> **THE DATA**
----------------------------------------

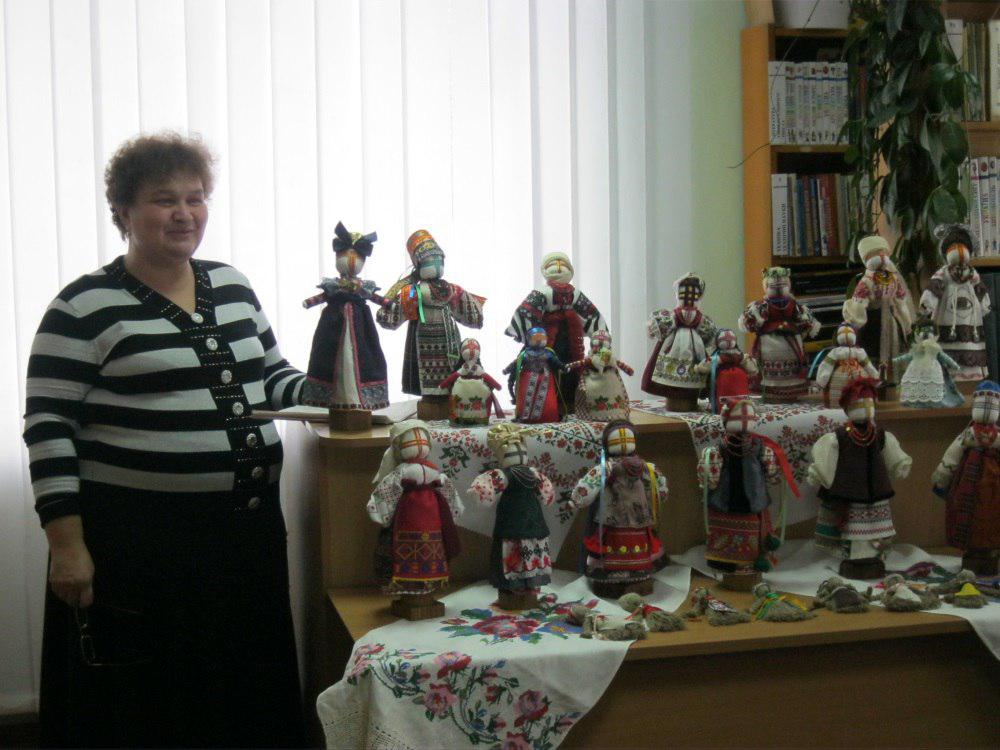 В бібліотеці була організована виставка робіт майстрині – своєрідний вернісаж ляльок-мотанок.
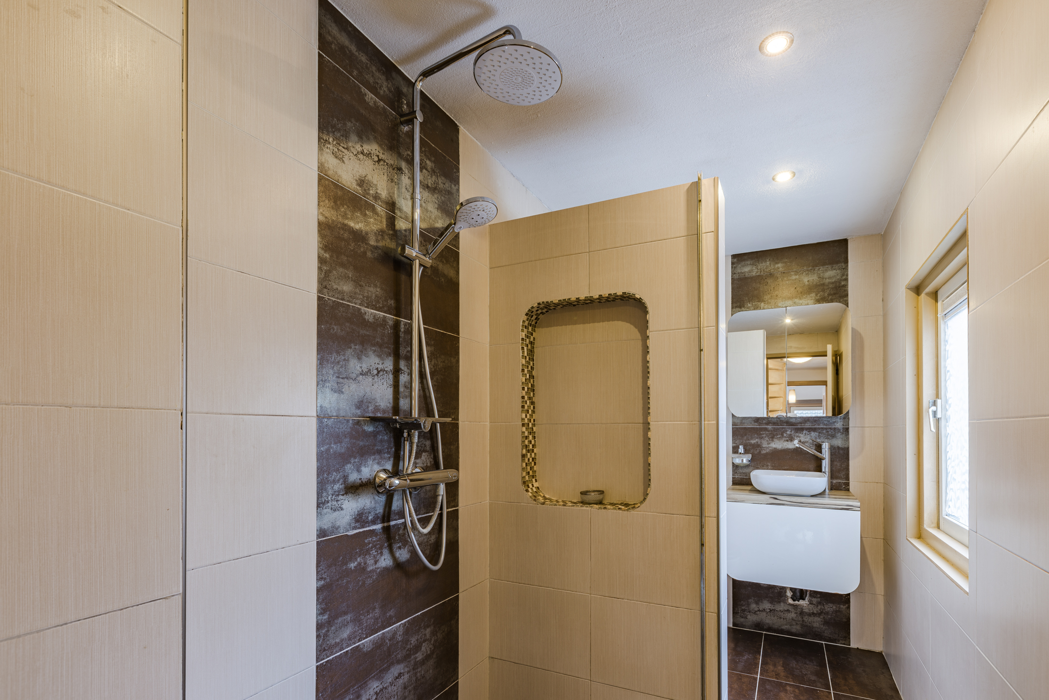 • Stijlvolle badkamer voorzien van inloopdouche, wastafelmeubel en zwevend toilet
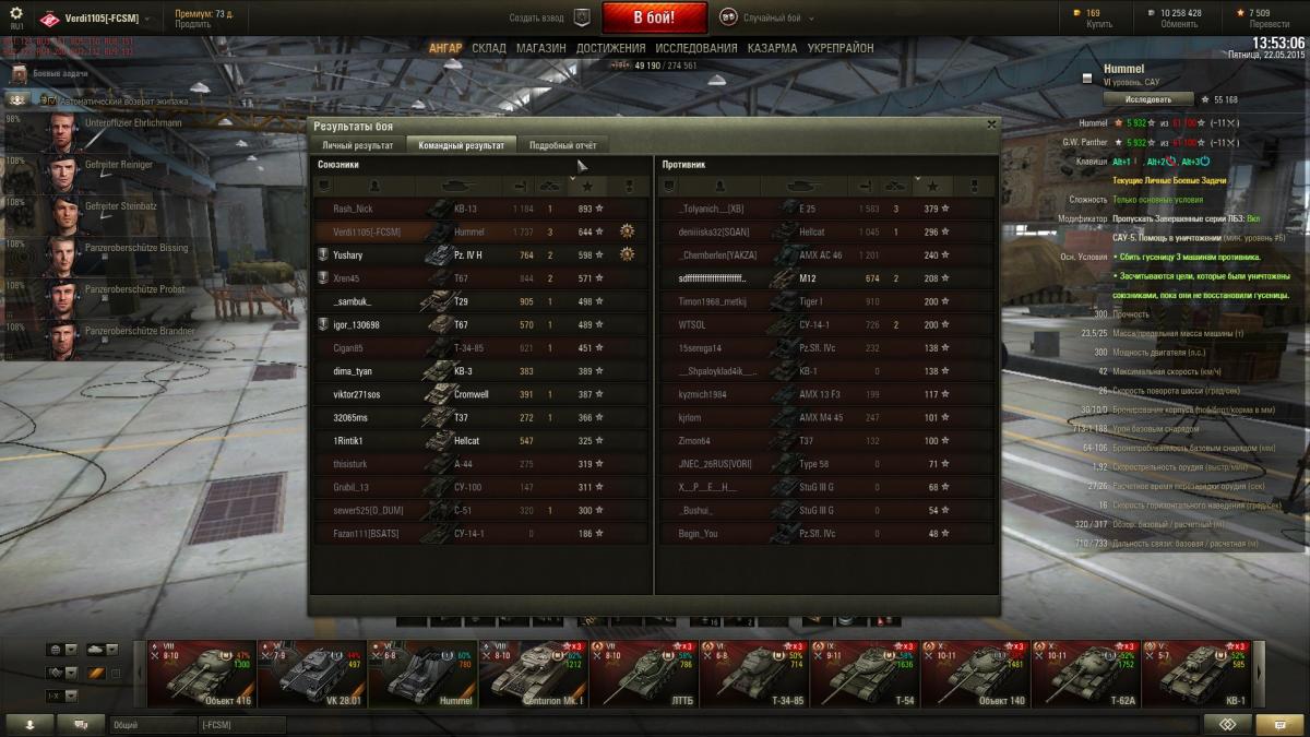 А вообще хум не нравится. Незадолго до этого прошел ветку британской арты, так мне показалось что он и рядом с ними не стоял. А по косости далеко впереди даже крузайдера. К счастью осталось катать на нем совсем немного. Немецкую ветку заброшу. Считаю её самой слабой среди всех веток арт.
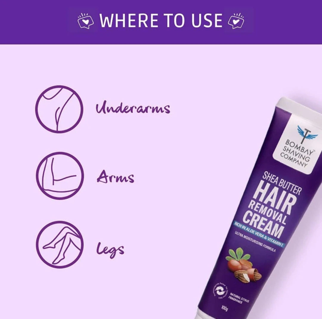 Hair Removal- Bombay Shaving Company's Shea Butter Hair Removal Cream Enriched with Aloe Vera & Vitamin-E which is Ultra Moisturizing Cream with Natural Citrus Fragrance - 100gm

----------------------------------------

> **EXERCISE AIM**
Please retype the whole of the data precisely, omitting pictures.

> **FINISHED TASK**
 В бібліотеці була організована виставка робіт майстрині – своєрідний вернісаж ляльок-мотанок.
 • Stijlvolle badkamer voorzien van inloopdouche, wastafelmeubel en zwevend toilet
 А вообще хум не нравится. Незадолго до этого прошел ветку британской арты, так мне показалось что он и рядом с ними не стоял. А по косости далеко впереди даже крузайдера. К счастью осталось катать на нем совсем немного. Немецкую ветку заброшу. Считаю её самой слабой среди всех веток арт.
 Hair Removal- Bombay Shaving Company's Shea Butter Hair Removal Cream Enriched with Aloe Vera & Vitamin-E which is Ultra Moisturizing Cream with Natural Citrus Fragrance - 100gm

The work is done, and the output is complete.